He’s a bio-environmental engineer at the University of Illinois Urbana-Champaign who has led the 10-year research project that recently announced a breakthrough in porcine petroleum.

That neat trick may sound crude.

But it also sounds good to a pork industry swamped with oceans of swine manure, and it sounds like the national anthem to those looking to reduce America’s dependence on foreign oil.

A typical pig produces about 6 gallons of waste a day. For a hog farmer like Pat Dumoulin of Hampshire, who has about 1,200 sows, that’s enough stinky and potentially hazardous fumes that he has a pair of 500,000-gallon tanks to properly store the stuff.

Like most farmers, much of the manure from Dumoulin’s hogs winds up as fertilizer.

"Most of the farmers in our area are open to taking the hog manure," says Dumoulin, whose farm has been in his family for more than 50 years. "Sometimes it’s done for no cost, sometimes they pay us a fee to spread it on their fields."

Either way, scientists have agreed for years that the chemical and capital potential of pig manure, like almost all organic waste, could have other uses.

Zhang’s breakthrough wasn’t that he and fellow researchers had become excrement alchemists; in about 1998, he figured out how to convert some of a pig’s byproduct to an energy source.

Turning garbage into natural gas, cow manure into fuel for power plants, and even fast-food grease into auto fuel are other examples of recent advances in the sub-field of icky-but-renewable energy.

Zhang’s big breakthrough is that he’s designed a more efficient process: a continuous reactor.

Instead of converting hog waste one batch at a time, Zhang’s lab, which is funded in part by the Illinois Pork Producers Association, has developed a method to feed waste continuously into a reactor, which is essentially an industrial-strength pressurized oven.

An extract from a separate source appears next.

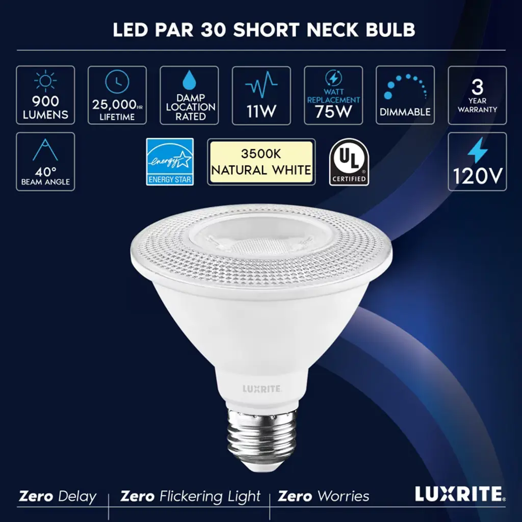 Luxrite PAR30 LED Short Neck Flood Lighting - Enjoy energy efficient lighting in the exterior and interior of your home while still having better than standard quality light output. Each par30s flood light bulb only uses 11 watts of electricity but provides 900 lumens of vivid, colorful light which out classes traditional 75 watt halogen light bulbs. With it's damp location rating, you can reliably use these in any indoor and covered outdoor space. Gain quality light not only in your interior but your exterior will provide continuous light without issue. Control the look of your space with it's smooth dimming feature, making your home more enjoyable at any time of the day. Not only will these LED light bulbs cut your costs by 85% but they come Energy Star and UL listed so you know you are getting the best in indoor and outdoor lighting. With it's durable construction, you can use these in any area with full confidence. Apply these lights to your soffit, eave, patio, garage, basement, recessed cans, and more. Make the switch today to energy saving light bulbs which offer zero delay, zero flickering, and zero worries.

And, Zhang boasts, "We don’t even need pre-drying."

Chemically, pig dung isn’t as different from oil as one might think. In Zhang’s reactor, a process known as thermochemical conversion partially breaks down hydrocarbon molecules that make up most of the excrement, and voila: porky petrol.

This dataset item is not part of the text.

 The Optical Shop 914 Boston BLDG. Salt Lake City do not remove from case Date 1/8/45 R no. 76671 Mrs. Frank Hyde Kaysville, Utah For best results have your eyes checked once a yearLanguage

Similar but not identical to the black gold it took Mother Nature eons to brew, Zhang’s fuel behaves like diesel.

Now the plan is to move from the lab to a full-sized pilot reactor on a farm somewhere downstate. Zhang predicts the process could get 3.6 gallons of crude oil a day out of each pig.

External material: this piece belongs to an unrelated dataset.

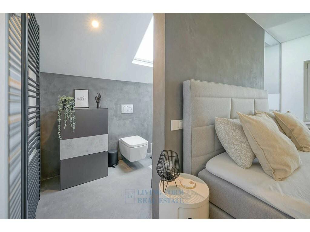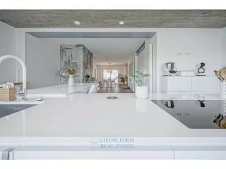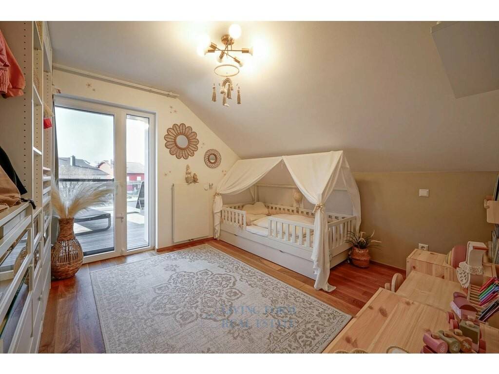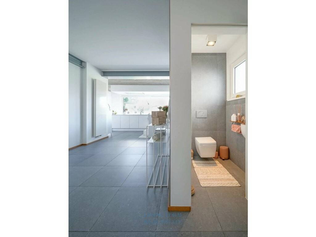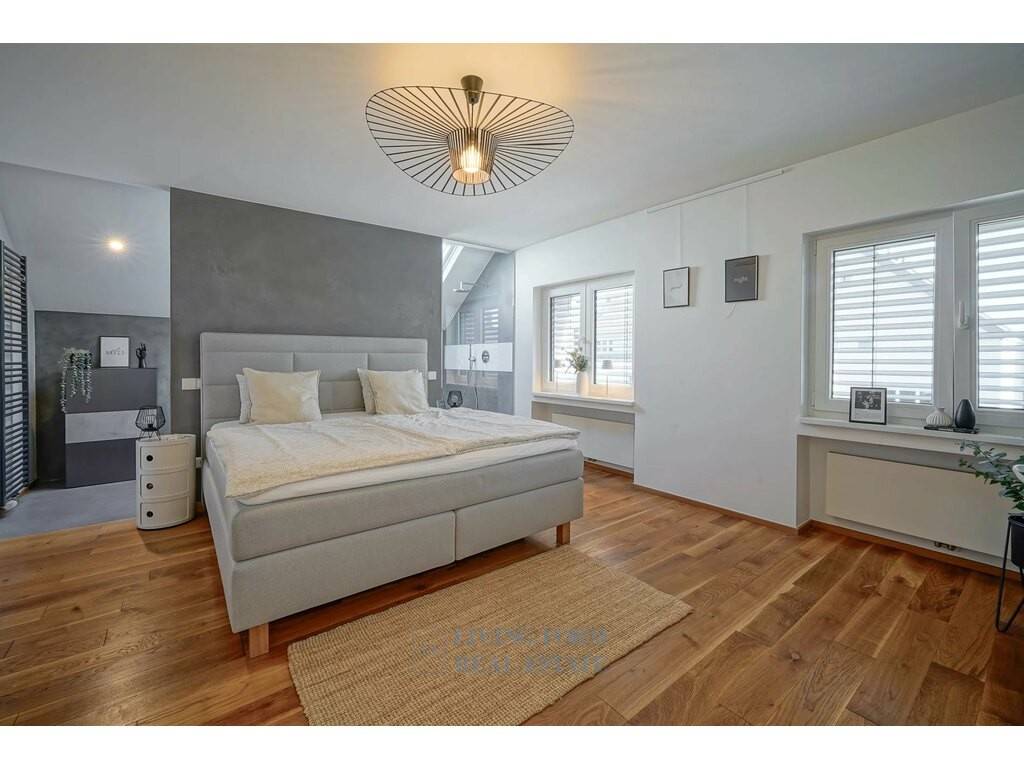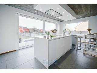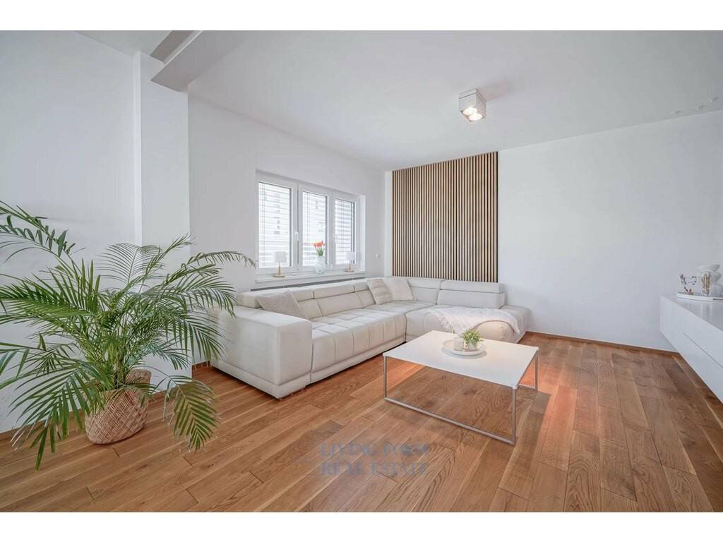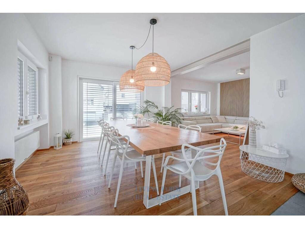 Zu den hochwertigen Ausstattungsmerkmalen gehören unter anderem dreifach verglaste Fenster, Massivparkett in den Wohnräumen, Betondecken mit Stahlverstärkungen sowie eine Treppe aus Naturstein.

Illinois brings some 7.2 million hogs to market each year and the nationwide industry is about 100-million hogs strong.

Theoretically, the resulting millions of barrels of crude a day could make a significant dent in America’s dependence on nonrenewable, and often imported, oil.

But converting the nations automobile fleet to hog-oline isn’t what Zhang or the hog industry is thinking about right now. No research has been done into how many current commercial vehicles could run on the fuel.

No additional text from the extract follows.